Required action: Make an exact transcript of the lines in the data below, starting with the one containing "华北水利水电大学数十名大学生手织300条围巾,温暖环卫工人整个寒冬" and going on through the one containing "Haiku Poems Worksheets", with both included and the pictures left out.

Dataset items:

_ _ _ _ _ _ _

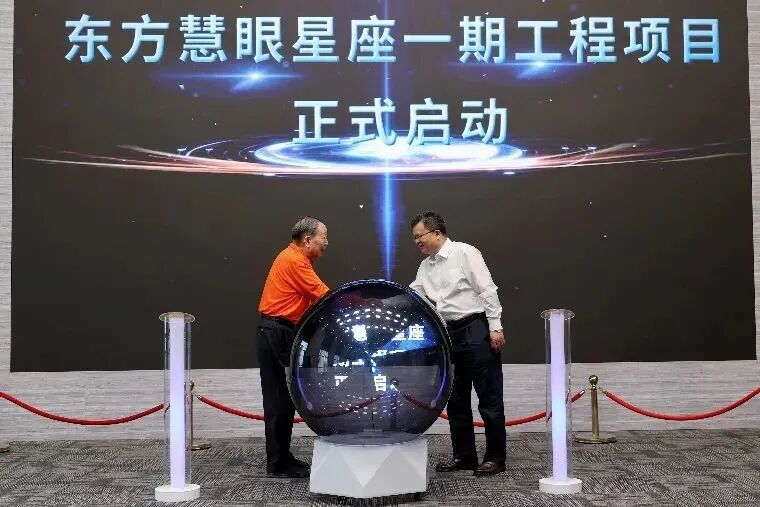 武汉大学校长张平文、武汉大学教授李德仁一同启动东方慧眼星座工程项目。金鑫 摄01拿着手机能“刷”卫星
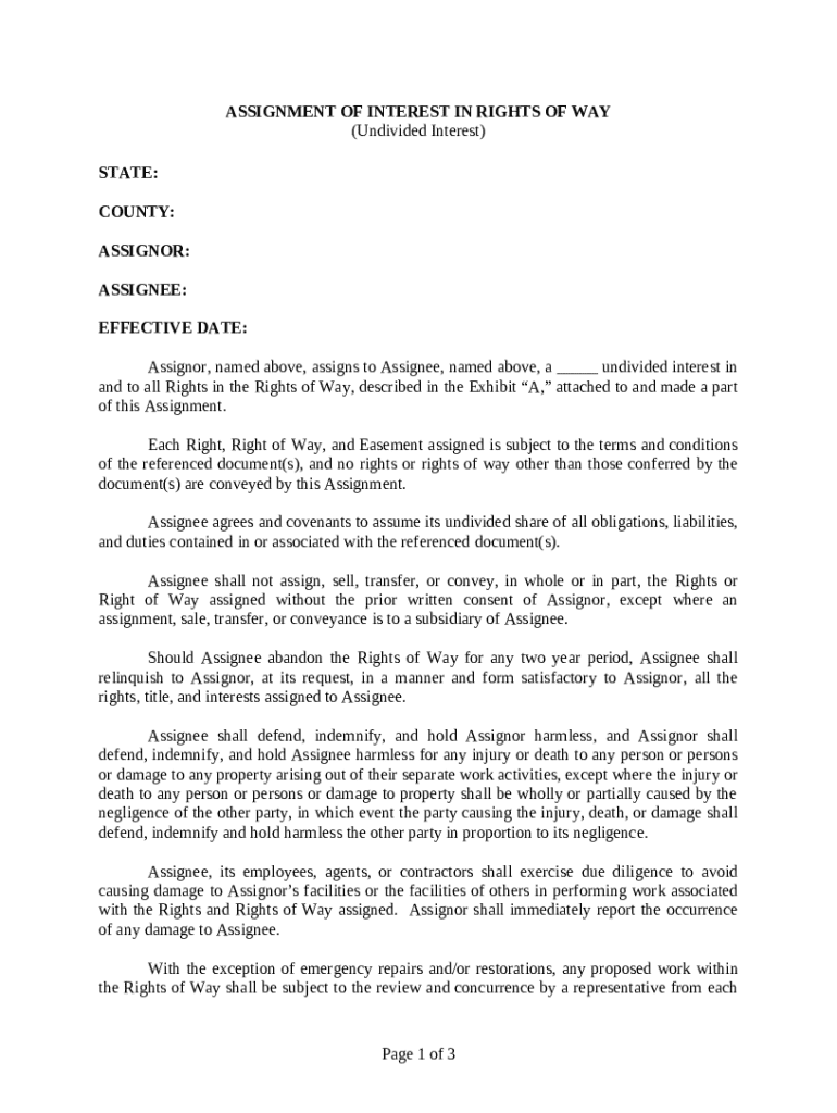 Get the free Assignment of Interests in Right of Way (Undivided Interest) template
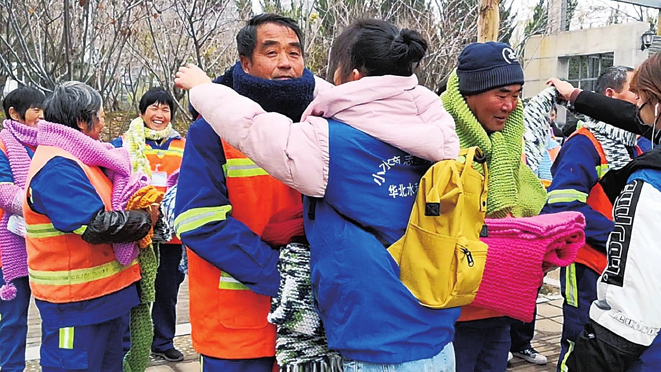 华北水利水电大学数十名大学生手织300条围巾,温暖环卫工人整个寒冬
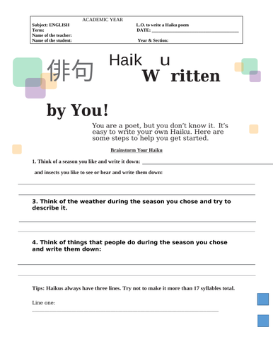 Haiku Poems Worksheets
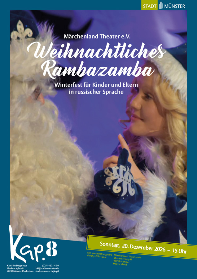 Und plötzlich befinden wir uns mitten in zauberhaften Verwandlungen… Ein Märchen und ein Geheimnis, glitzernder Schnee im Winterwald, leuchtende Sterne am Winterhimmel und außergewöhnliche lustige Abenteuer. All das erwartet die Zuschauer auf der Bühne. Kinder, ihre Eltern und die Schauspieler vom Märchenland Theater e. V. werden Teil einer lustigen und märchenhaften Show „Weihnachtliches Rambazamba“.
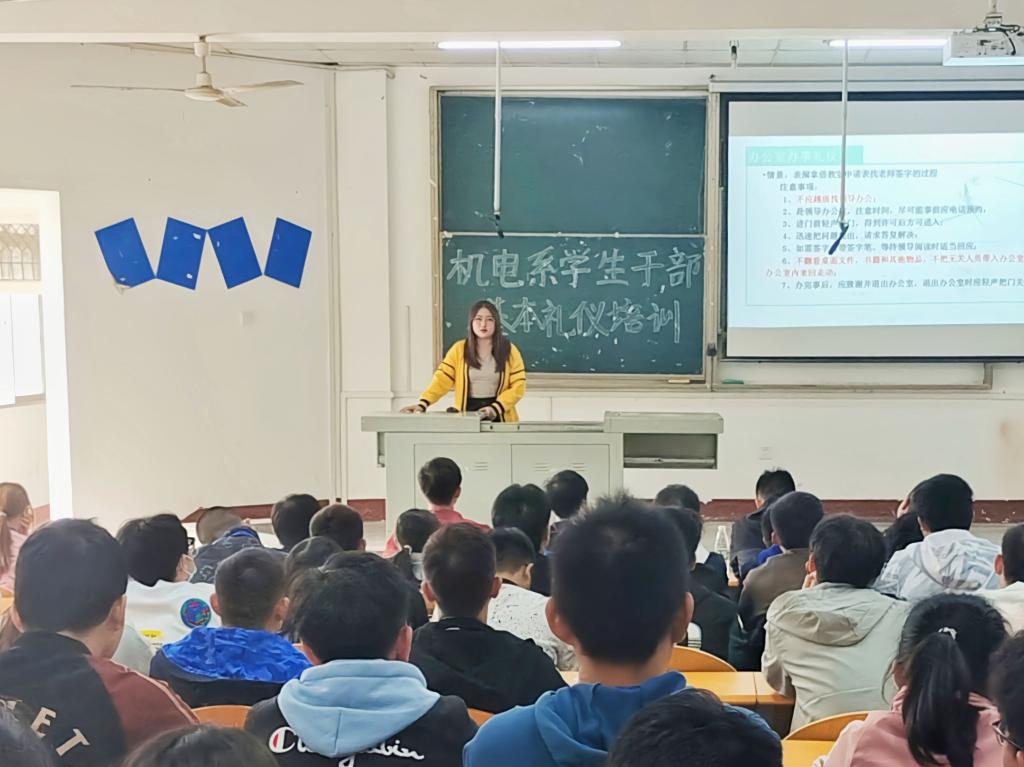 本网讯(员工记者 付思进 湛点)10月27日中午,在西校区四教200室,我系开展员工干部基本礼仪培训活动。活动由秘书处夏书侨主持,系辅导员燕梦蝶主讲,系辅导员成观雄、朱亦丹出席,团学组织全体成员参加。
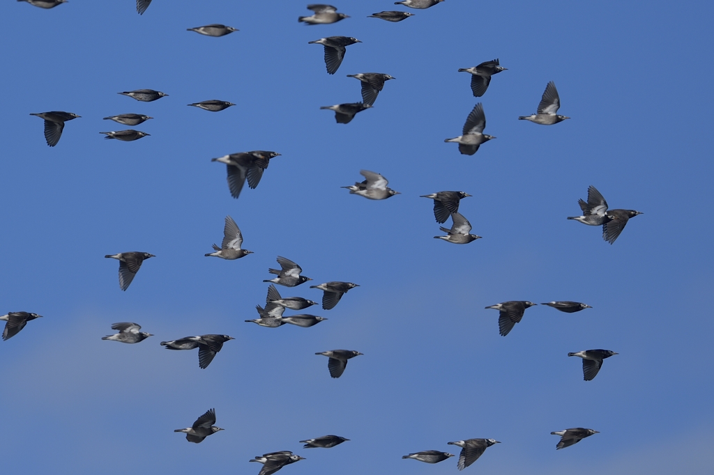 ムクドリはバタバタと細かな羽ばたきで直線的に飛ぶ場合が多いです。体が丸っこいこともあって、印象としては飛ぶのはあまり得意でなさそうに感じます。また、群れがどこかに止まろうとするとき、羽をデルタ機みたいな三角形にして、着地点の周りを滑空しつつ降りていくことが多いです。どの鳥もそうですが、一見地味なムクドリも、飛ぶこと一つ取っても「この鳥らしい」特徴があって面白いです。
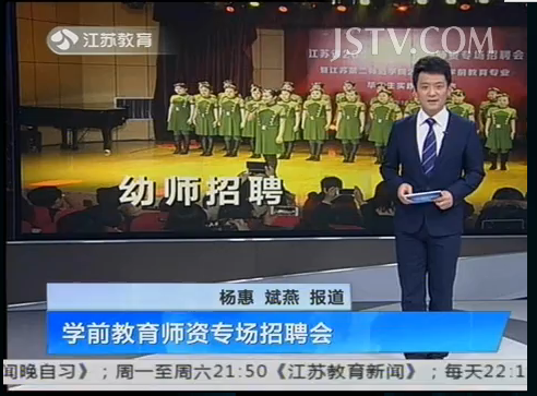1月9日,我院在草场门校区举办江苏省2016年学前教育师资专场招聘会暨江苏第二师范学院2016届学前教育专业毕业生实践技能展演。来自全省的13所高校,59所公办幼儿园,41所民办幼儿园及14家培训机构举办了专场招聘活动。江苏教育频道《江苏教育新闻》作了报道。
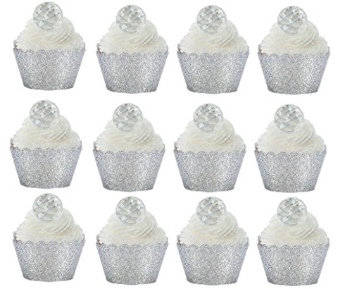 24pk Wedding / Bridal Shower /Anniversary Cupcake Toppers w Glitter Wrappers (Silver Wrappers/ ridescent Diamond Rings)

_ _ _ _ _ _ _

Response:
 华北水利水电大学数十名大学生手织300条围巾,温暖环卫工人整个寒冬
 Haiku Poems Worksheets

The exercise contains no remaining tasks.